For emotionally mature people, conflict is an opportunity to be vulnerable with each other, to share feelings and perspectives, to state their needs and wants, to set boundaries, to problem-solve and make compromises, to move closer together.
For these folks, conflict is a means to stop abuse, not to inflict it.
But the immature person is ill-equipped to carry out any of these emotional tasks. Perhaps they do not have access to their true feelings, buried beneath the armor they needed to wear to survive an unsafe childhood. Maybe their parents never expressed emotions, except for when they raged at each other (see Adult Children of Emotionally Immature Parents).
You see, it’s not that emotionally immature people are intentionally mean or malicious. It’s more likely that they were abused, shamed, or neglected — that they were never taught how to emotion. And this means they need loving-kindness, compassion, and support — not someone to finally prove them wrong or convince them to be different.
Perhaps you are the emotionally immature one.

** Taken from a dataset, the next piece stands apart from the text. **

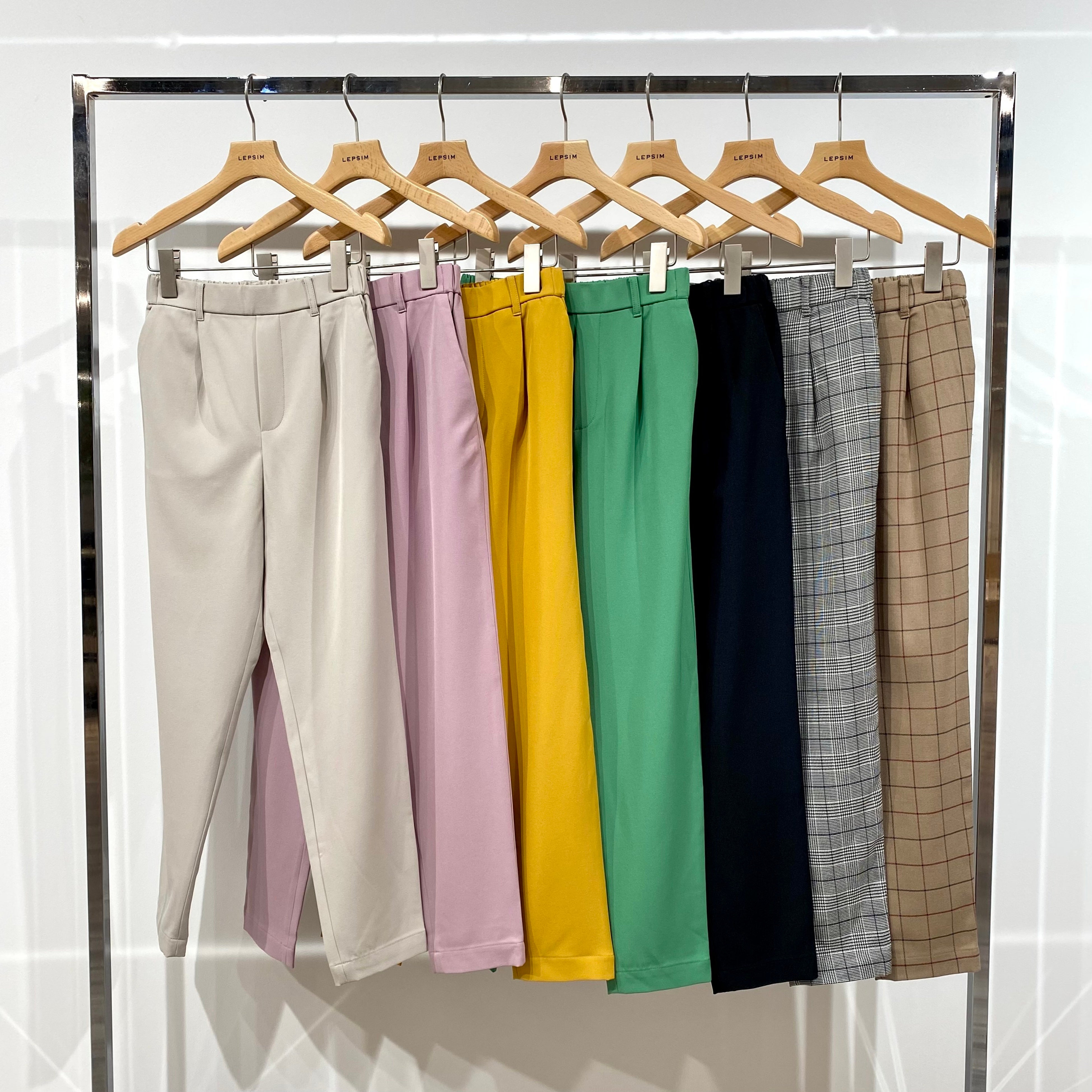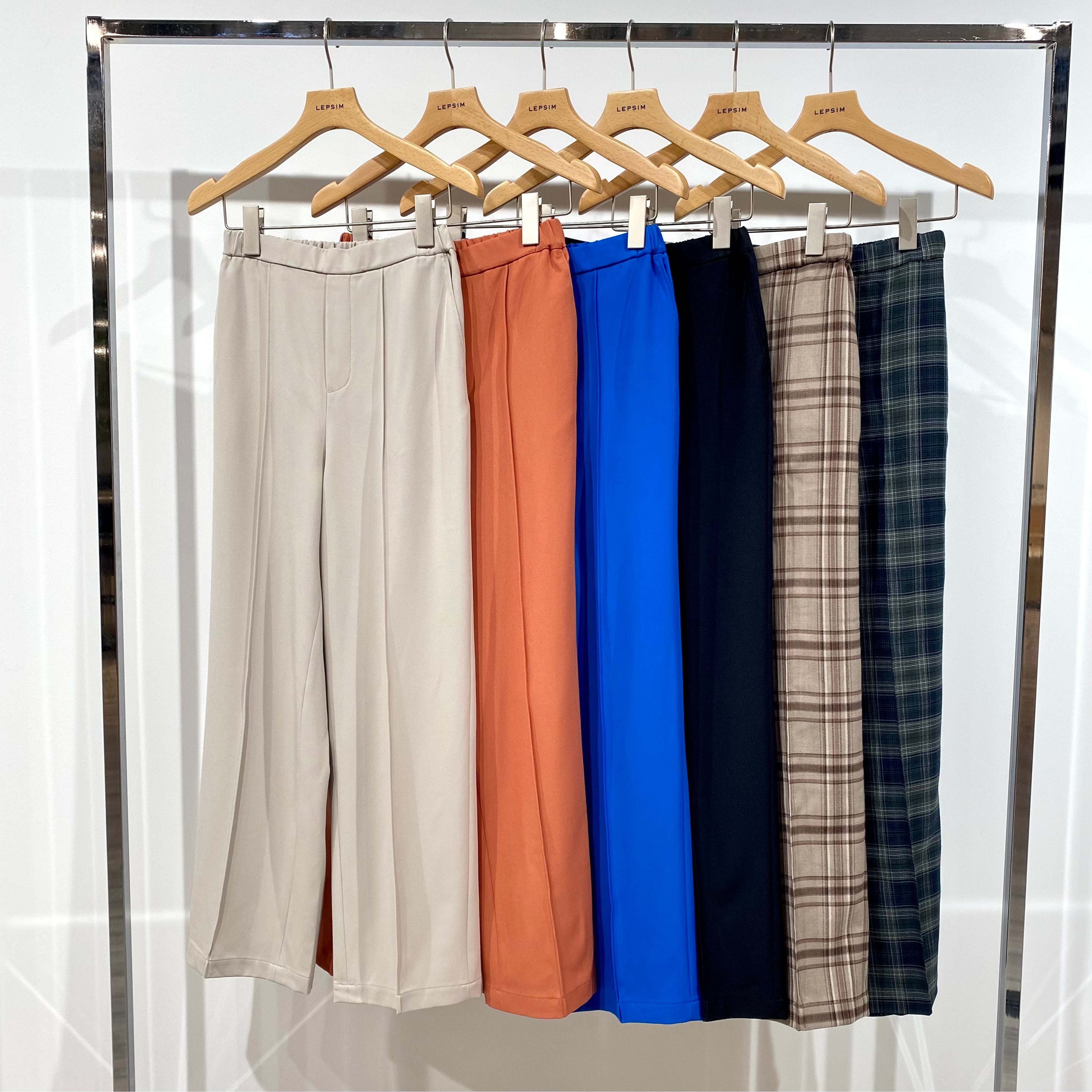 太すぎず、細すぎない絶妙なストレートシルエットに、センターに施したピンタックデザインで脚長効果抜群。ピンタックはアイロンをかけなくてもキープされるのでお手入れが簡単なのも嬉しいポイントです。ウエストは内紐が通っているのでサイズ調整が可能です。ゴム仕様で動きやすく、お仕事からプライベートまで幅広く使いやすいパンツです。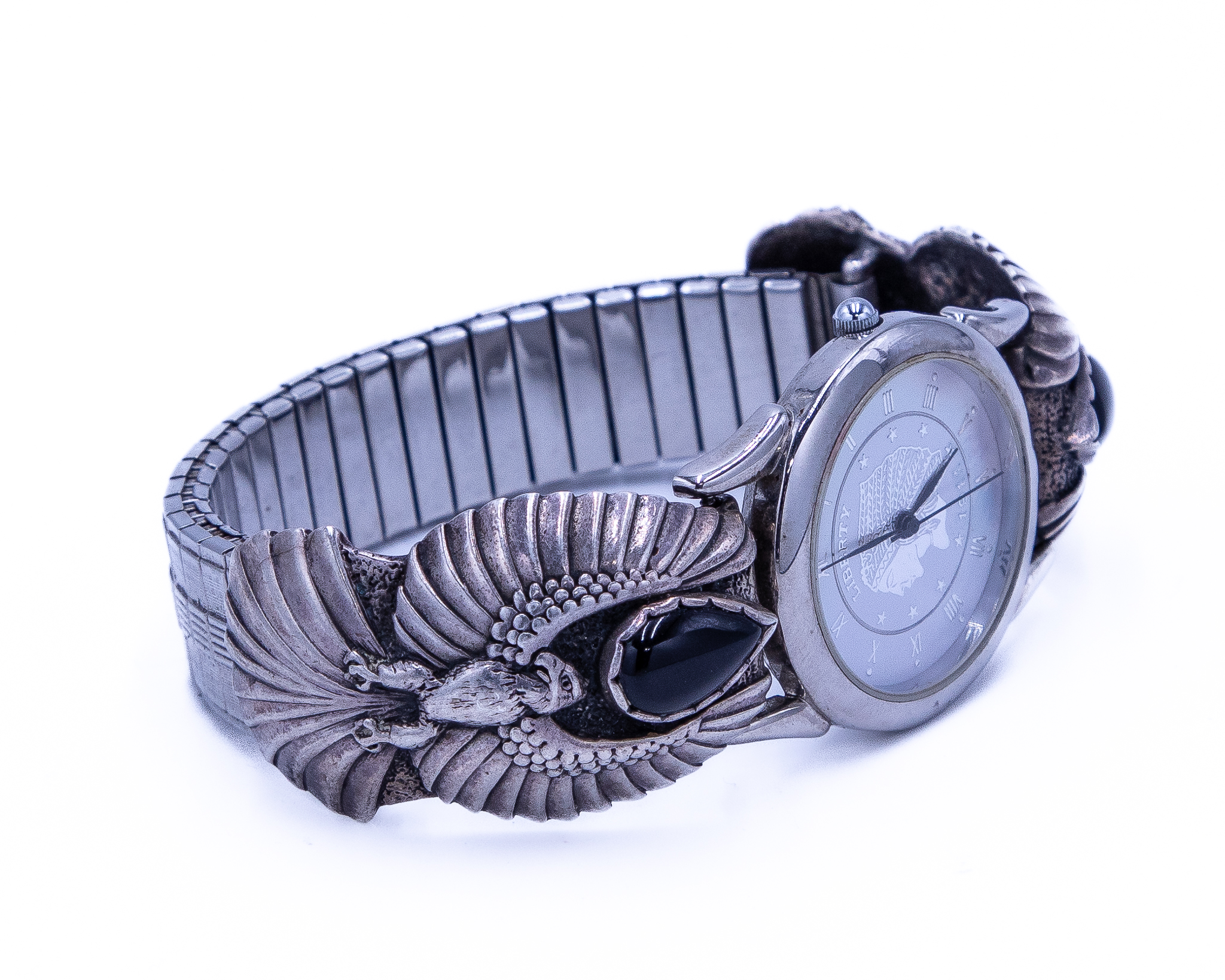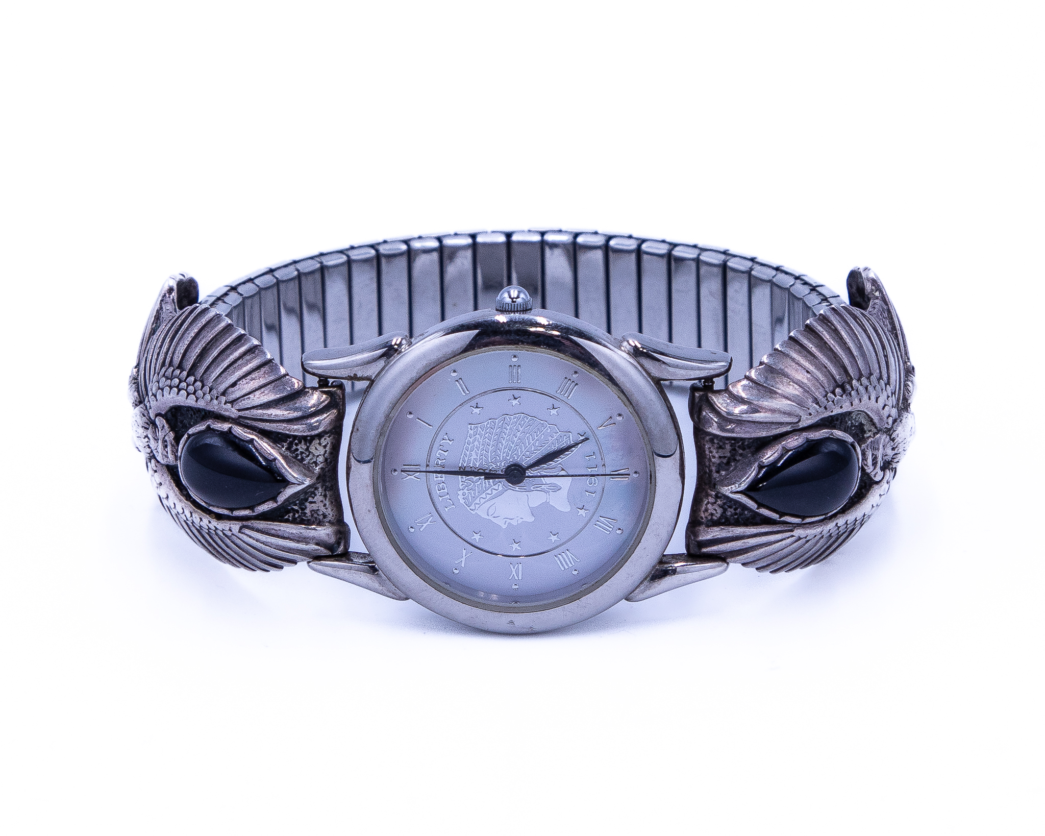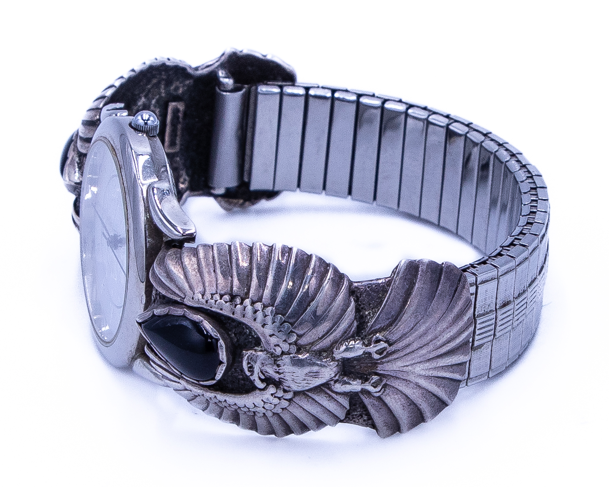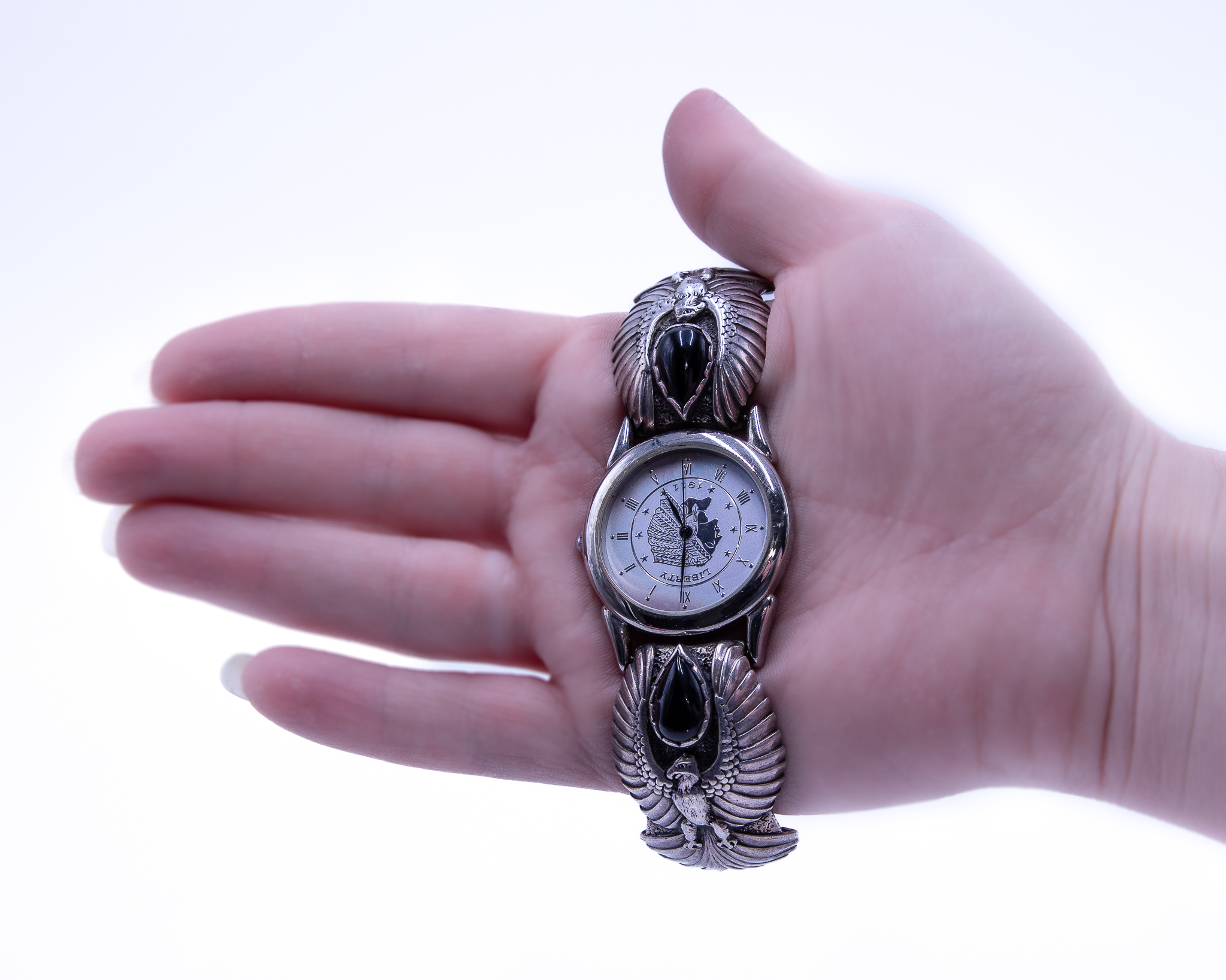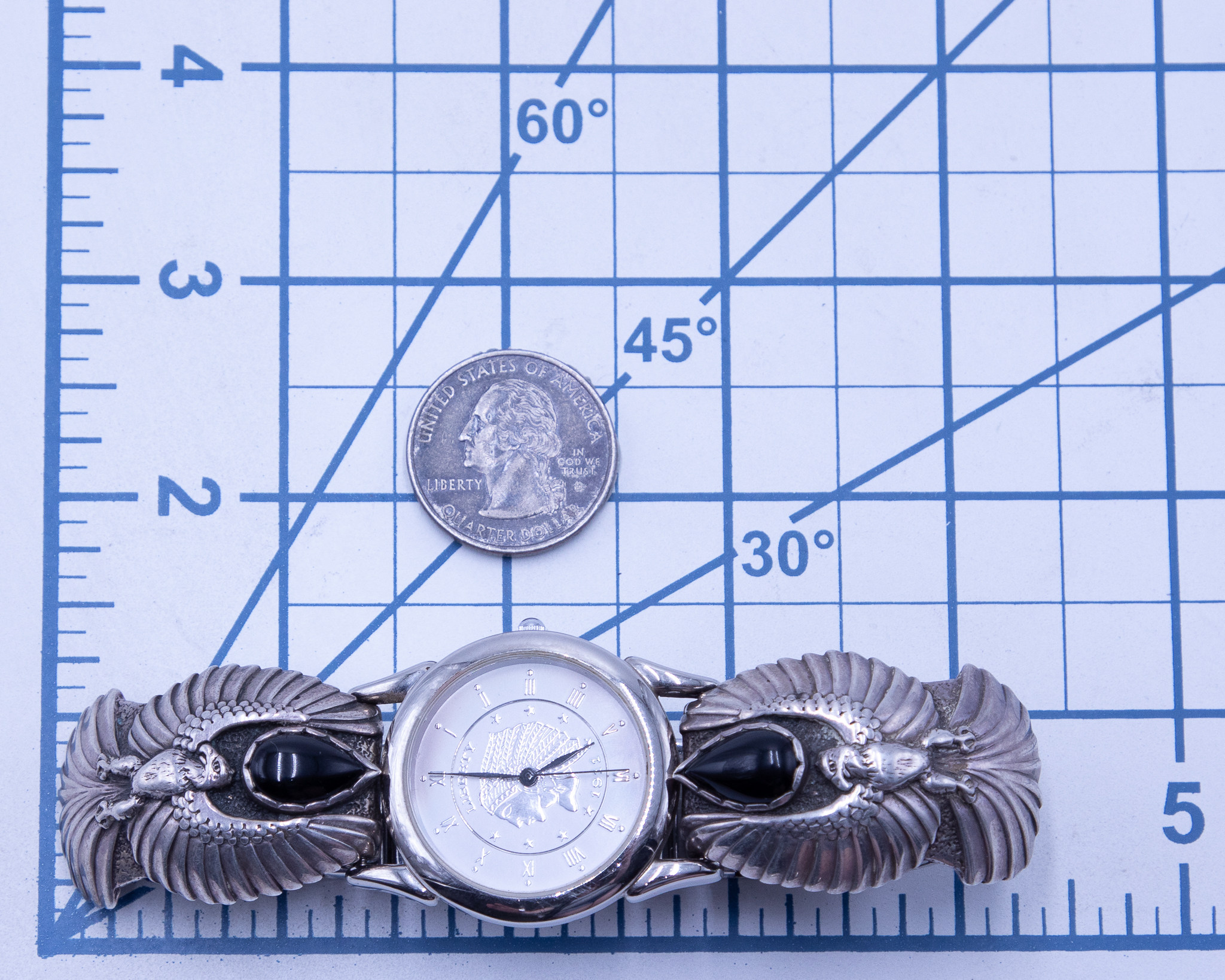Vintage Southwest Traditions GMP100 Onyx Sterling Stainless Watch 79g-Japan Watch

Maybe you both have room to grow.
Still Growing
The truth is that most human beings were hurt at one time or another and carry the wounds of maladaptive coping strategies (see Healthy Starts With “Heal”). We are all still learning to be emotionally mature — hopefully.
Many people have this idea that once you hit a certain age, you’re all done growing up. You’ve got the career, the mortgage, the children, or whatever. Surely that should make you wise, mature, and healthy.
But no. That’s super not true. We are surrounded at every turn by petulant man-babies, attention-seeking women, and people who are little more than successful-ass children who own stuff.
Anything that’s not growing is dead. A relationship is not a place where two done-growing people go to live happily ever after. It’s a place to learn, grow, and heal together.
Or it’s a place to escape from your feelings, run from problems, avoid growth, and numb the pain.
You and your partner have to decide what kind of relationship you want to be in.
Then act accordingly.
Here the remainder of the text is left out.